The total length of tube-like structures will be measured as the ratio of the tube length (mm)/surface of the field (mm2) by ImageJ software (National Institute of Health,USA, http://rsbweb.nih.gov/ij). The main targets of the tasks of this specific aim 2 are represented by a) the characterization of the sorted endothelial and hematopoietic cells and b) the identification of mutations and pathways that are shared between the 2 cell populations, thus confirming their common origin. This in turn will provide evidence that the acquisition of the driver mutation(s) of PMF is an event occurring in a common progenitor cell during human life (possibly during fetal life), able to give origin to both endothelial and hematopoietic lineages.

Specific Aim 3 In vitro assesment of hematopoietic differentiation and clonogenic potential of circulating endothelial cells in patients with PMF.
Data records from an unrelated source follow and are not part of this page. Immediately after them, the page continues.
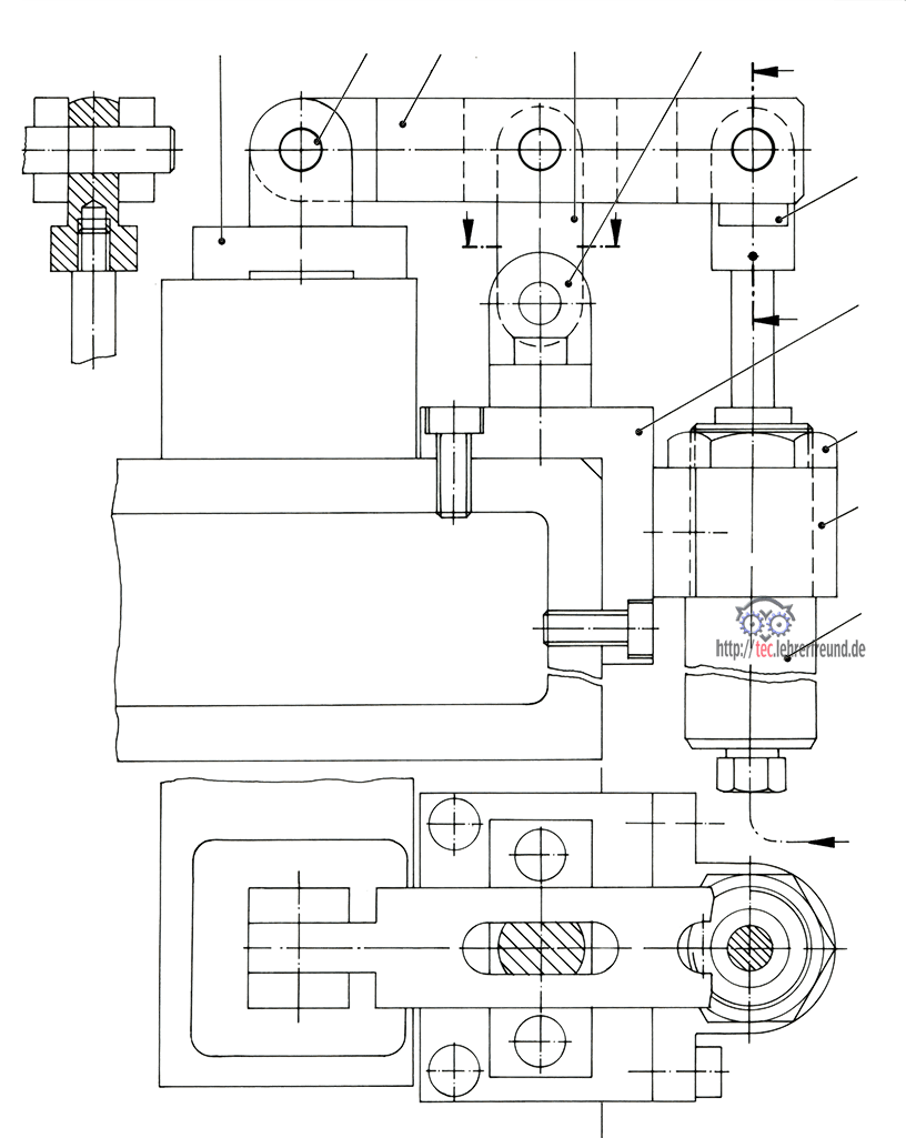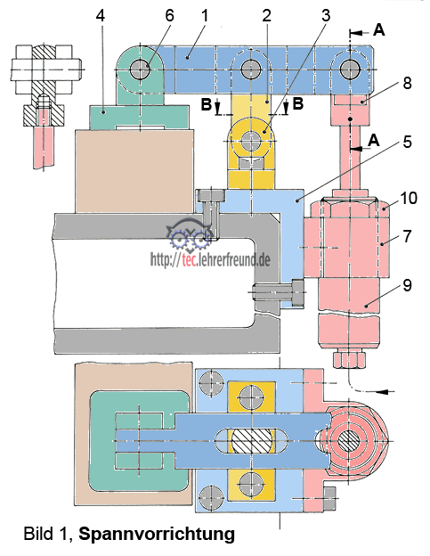 Wir stellen als Lern- und Übungsprojekt eine Spannvorrichtung vor. Übungsthemen sind Aufgaben zur Bewegungsfunktion, zum Technischen Zeichnen und zur Technischen Mathematik.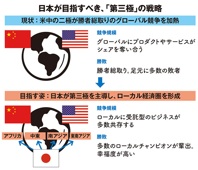 また、私たちの研究室で提供するAI講座は、アセアンやアフリカでも人気が高く、海外で展開する「GCIGlobal」は7721人以上が受講しました。アジアやアフリカでは、優秀なAI人材の流出が悩み。日本はそうした国々と連携し、AI人材の育成とともに、地元企業への定着を図っています。米中はAIの「プラットフォーム」の覇権争いに血道を上げていますが、AIの活用で付加価値を高め、アジアやアフリカのローカル経済圏で存在感を高める「第三極」の戦略が、日本の生きる道ではないかと考えています。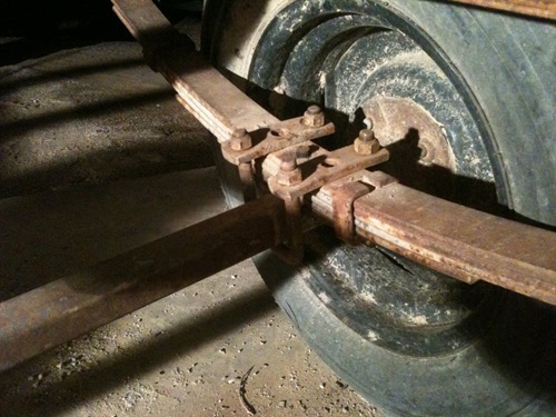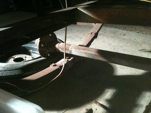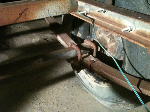 First you will need to remove one of the tires so you can remove the axle. Once that is completed you need to remove the U-bolts holding the axle to the leaf spring.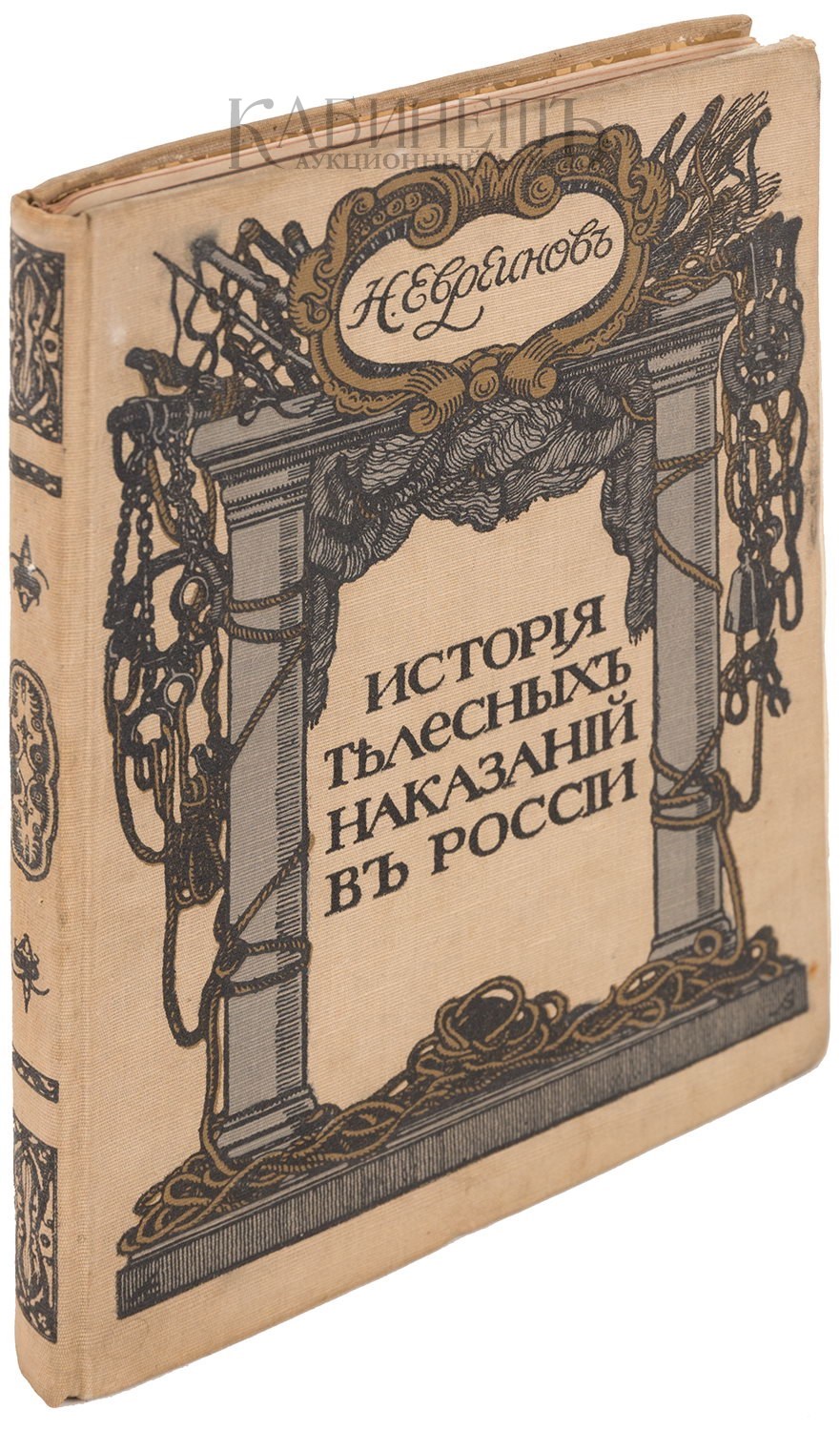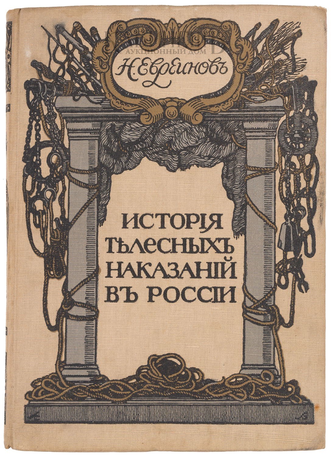 Экземпляр в издательском тканевом переплете с полихромным тиснением по крышкам и корешку, незначительные загрязнения. Евреинов Николай Николаевич (1879–1953) – русский и французский режиссёр, драматург, теоретик и новатор театра, историк театрального искусства, философ, музыкант, художник и психолог. Историческое исследование Н.Евреинова о телесных наказаниях в России, является рефератом его выпускного сочинения, написанного в 1901 г., в Императорском училище правоведения.
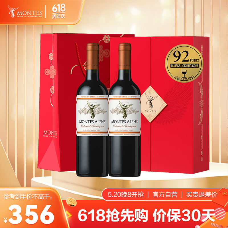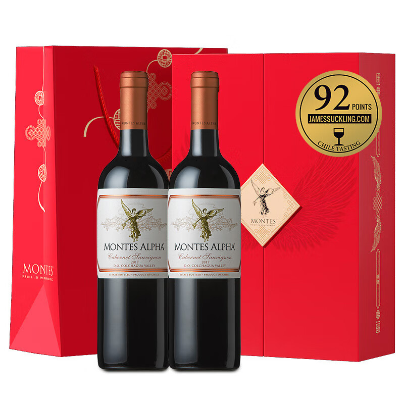 MONTES蒙特斯欧法赤霞珠红酒葡萄酒礼盒750ml*2婚礼宴请智利原瓶进口价格:406.00元!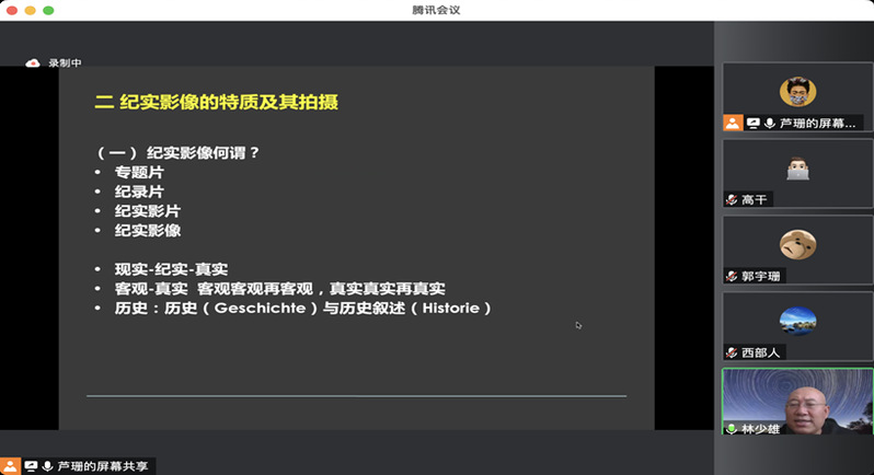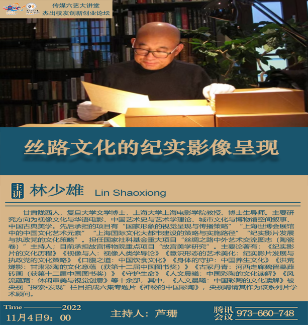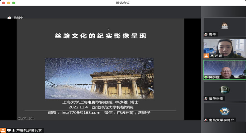 2022年11月4日上午,复旦大学文学博士、上海大学电影学院博士生导师林少雄教授应邀为我院师生开展题为《丝路文化的纪实影像呈现》的学术讲座,365上市公司副教授芦珊主持讲座,365上市公司百余名师生在线聆听了林少雄老师的学术分享并互动交流。

Cell culture experiments will be performed with the aim to investigate the differentiation and clonogenic hematopioetic potential of endothelial cells isolated from the blood of PMF patients. Clonogenic assays for the in vitro growth of CFU-GEMM, CFU-GM and BFU-E will be set up according with classical semisolid assays. Colonies obtained in these cultures will be characterized at morphological and molecular level as described for sorted cells in Specific Aim 2. With regard to the megakaryocyte lineage, in the last few years, we have set up a protocol to derive megakaryocytes (Mks) from human bone marrow and peripheral blood hematopoietic stem cells. Functional analysis of Mks obtained from our culture system showed that they can extend proplatelets and release functional platelets (PLTs). We plan to exploit our culture methods to differentiate Mks from both hematopoietic progenitors and endothelial cells isolated in Aim 1. To characterize Mks we will assess: a) the expression of CD61 and CD42b by flow cytometry, b) the capacity of forming proplatelets in adhesion to fibrinogen/fibronectin, c) the Thrombopoietin pathway activation by western blot (e.g., pSTAT, pERK, pAKT), d) the expression of different extracellular matrices (e.g., collagen type III, IV, fibronectin) by immunofluorescence imaging and western blot, e) the expression and release of growth factors will be analyzed by different cytokine arrays. Then, we will perform experiments to determine if Mks derived from the two different cell subsets show altered interactions with the extracellular matrix (ECM) components of the bone marrow (BM) microenvironment in terms of changes in morphology, adhesion, and maturation. We will correlate these results with biochemical studies to explore the capacity of Mks to assemble and anchor to the ECM. With these experiments we expect to be able to show the impact of Mks in remodeling matrix components related to the fibrotic BM environment. These experiments will be performed in 2D and then confirmed in our 3D bone marrow model. This 3 D bone marrow model will also be used to assess the capacity of Mks to produce platelets.